**RECORDED INFORMATION:**
————
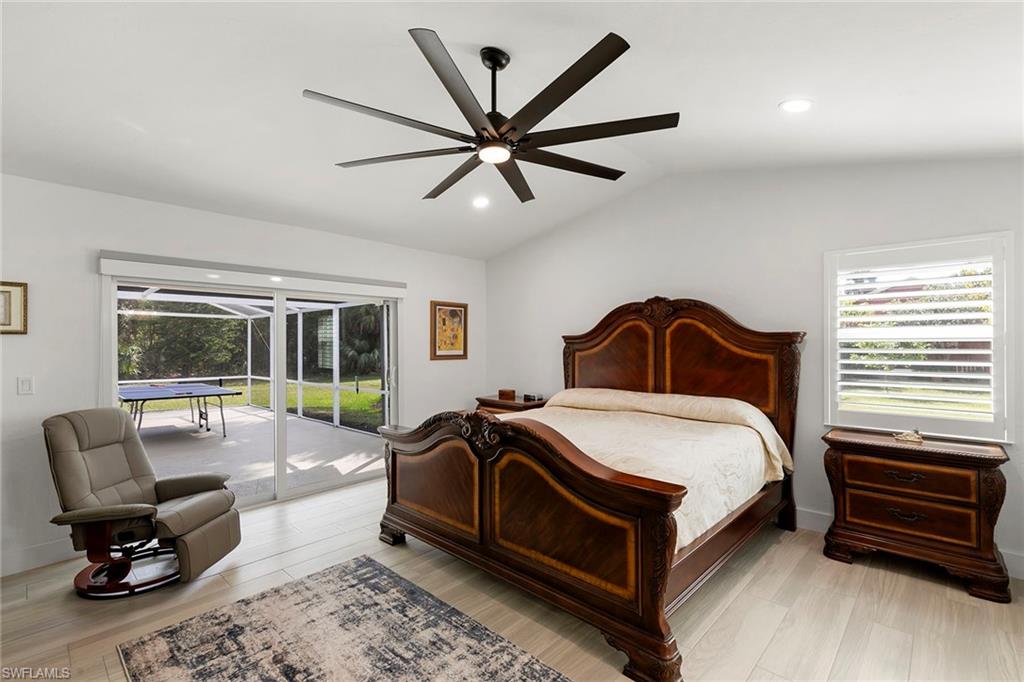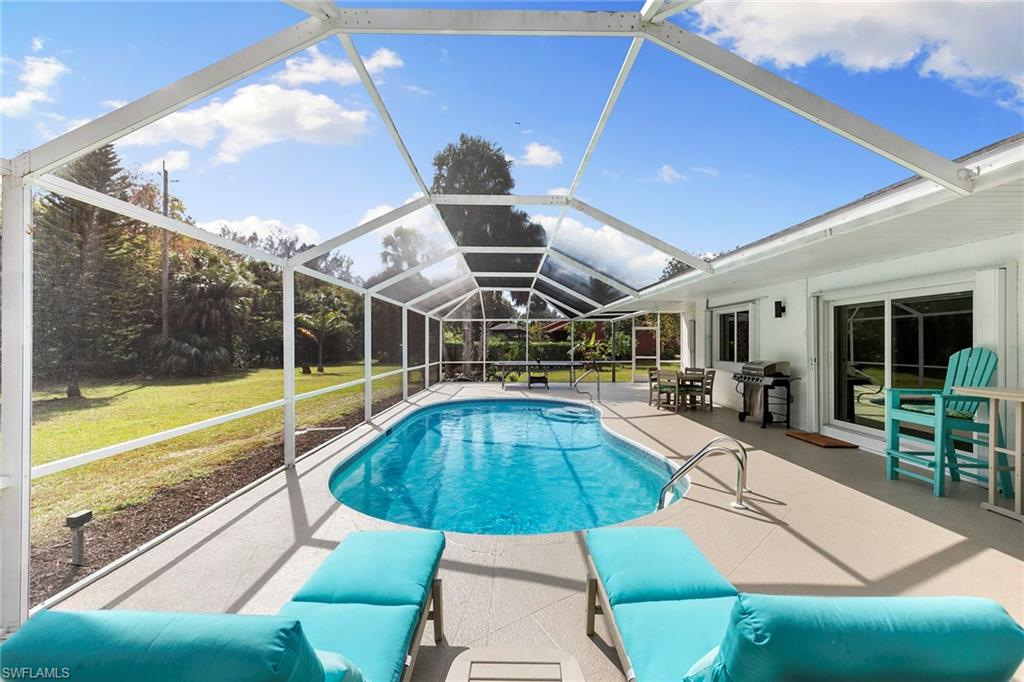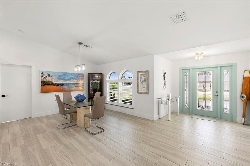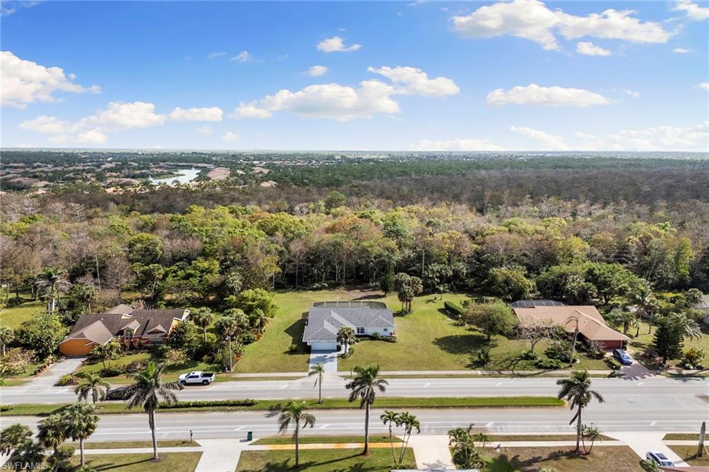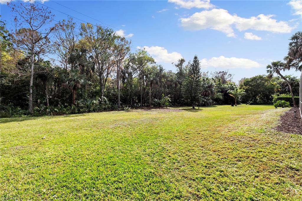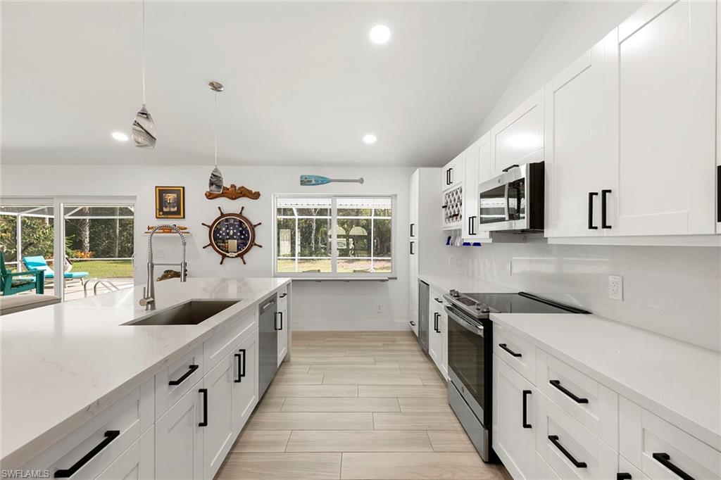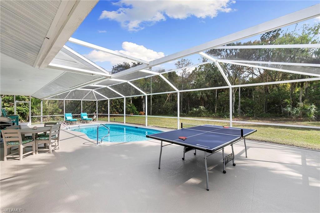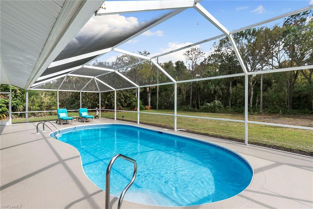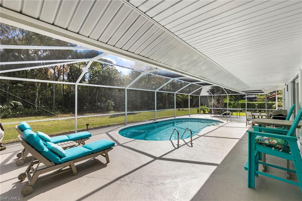 This beautifully renovated single-family home is on almost a full acre, an .86-acre lot making this prime property a unique hidden gem. Upon entering, one will encounter a light and bright open concept living and dining area with high ceilings. The gourmet chef’s kitchen includes a large island and breakfast bar, white shaker-style cabinets, quartz countertops and matching quartz backsplash, as well as new stainless steel appliances. The entire home features wood-look tile flooring, modern baseboards and trim. Additionally, the baths have been fully updated, and the home has been painted with new light and plumbing fixtures installed. The primary bedroom is generously sized, featuring two walk-in closets and sliding doors that lead to the lanai. The guest bedrooms are positioned on the opposite side of the home for privacy. Enjoy your morning coffee or evening cocktails from the expansive screened lanai with pool offering quiet serene tranquility views of the preserves that are often visited by deer. The laundry room has been expanded to include plenty of storage. New impact windows and doors installed in 2024, along with manual shutters for most windows, providing peace of mind. This property is conveniently about six miles from downtown 5th Avenue Naples, offering easy beach access, boating, shopping, dining and more. Don’t miss this wonderful opportunity to start living in paradise today.
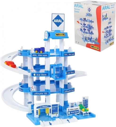 Aral firenetagers parkeringshus vil glæde enhver lille bilentusiast. Dette sjove parkeringshus tilbyder en elevator, der nemt løfter bilerne til øverste etage, hvorfra de kan suse hurtigt ned ad vejen.
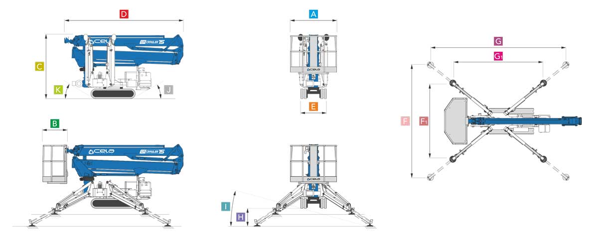 Whether you require precise access to confined spaces or an extended outreach, the Crawler DT15 offers both narrow and wide jack placement.
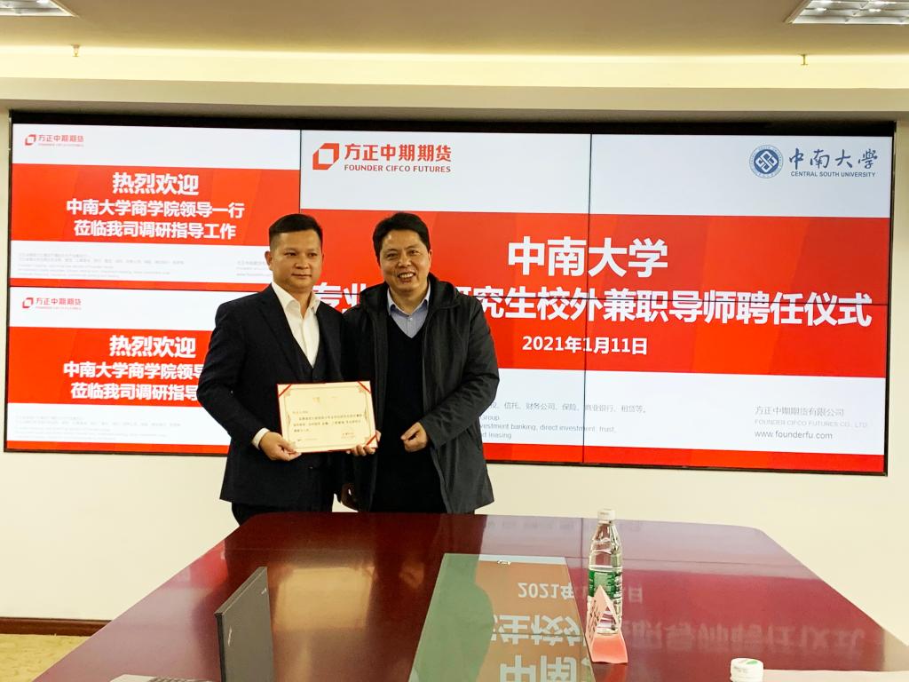 //易经章为德赢vwin体育官网登录•方正中期期货研究生联合培养基地揭牌
————
**EXERCISE DIRECTIONS:** Output, exactly and without pictures, the span of lines that starts at the line containing "Whether you require" and ends at the last line above.

**EXERCISE OUTPUT:**
 Whether you require precise access to confined spaces or an extended outreach, the Crawler DT15 offers both narrow and wide jack placement.
 //易经章为德赢vwin体育官网登录•方正中期期货研究生联合培养基地揭牌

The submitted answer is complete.